Unter diesen Umständen darf es nicht Wunder nehmen, daß zu dieser Zeit die Sterblichkeit in London wächst, daß Sterbefälle von Asthmakranken um 220 Procent und solche von Bronchitispatienten gar um 331 Procent sich vermehren! Mehr vereinzelt, aber darum nicht minder empfindlich sind die mehr mittelbaren Schäden und Nachtheile, die aus dem Nebel erwachsen.
Viele Personen werden überfahren; denn wenn auch während des stärksten Nebels der Verkehr fast ganz eingestellt wird, so kann dieses doch nicht auf einmal, nicht so plötzlich geschehen, wie [780] der Nebel heranzieht. Die Schifffahrt auf der Themse wird äußerst gefährdet; Unglücksfälle auf der Eisenbahn vermehren sich in entsetzlicher Weise trotz der besonderen Nebelsignale, die dadurch gegeben werden, daß man an besonderen Stellen an den Schienen Pulverpatronen anbringt, die, sobald die Räder der Lokomotive darüber gehen, sich selbst entladen und so dem Lokomotivführer kund thun, wo er sich befindet. Tausend andere Uebelstände sind im Gefolge dieser seltsamen Erscheinung, von der London wohl niemals ganz frei werden kann, deren schädlichste Auswüchse aber immerhin sich wesentlich abschwächen ließen.

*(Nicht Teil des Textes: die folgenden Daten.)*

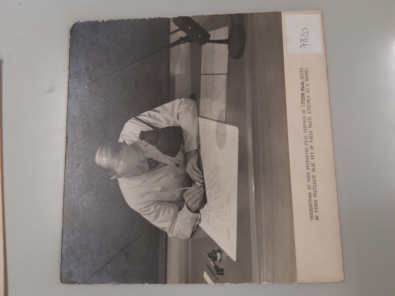 | Observações: | Legenda - "Draughtsman at work preparing fair drawing of 1/1250 plam using an ferro prussiate blue key of field plate assembly as an guide." |

Bis zur Zeit Eduard’s II. wurde in London nur Holz gebrannt und bis dahin gab es keine Nebel der schlimmen Sorte. Unter seiner Regierung begann man aber Kohlen von Newcastle einzuführen, und sofort stellte sich der verdickte und vermengte Nebel ein, so daß schon im Jahre 1316 das Parlament sich veranlaßt sah, dem König eine Petition gegen den Gebrauch der Kohlen einzureichen. Dieser verbot denn auch ihre Verwendung, belegte die seiner Verordnung zuwider Handelnden mit einer Geldstrafe und ließ ihnen im Falle einer Wiederholung einfach die Oefen niederreißen. Was war aber der Schaden, den die paar tausend Tönnchen Kohle von damals anrichten konnten, im Vergleich zu dem Unheil, das jetzt aus den alljährlich von London verbrauchten 5 000 000 Tonnen erwächst! Gleichwohl aber ist jene strenge Verordnung längst in Vergessenheit gerathen. Wohl hat man auch in neuerer Zeit im Parlament sich damit befaßt, dem Uebel Einhalt zu thun, und es sind längst sämmtliche Dampfschiffe und Fabriken in und um London zur Konsumirung des eigenen Rauches genöthigt worden, allein das große Heer der Privathäuser ist von ähnlichen Bestimmungen bislang immer noch verschont geblieben. So lange man diese aber ähnlichen Verordnungen nicht unterwirft, wird der Londoner Nebelkalamität kein Abbruch geschehen. Wilh. F. Brand.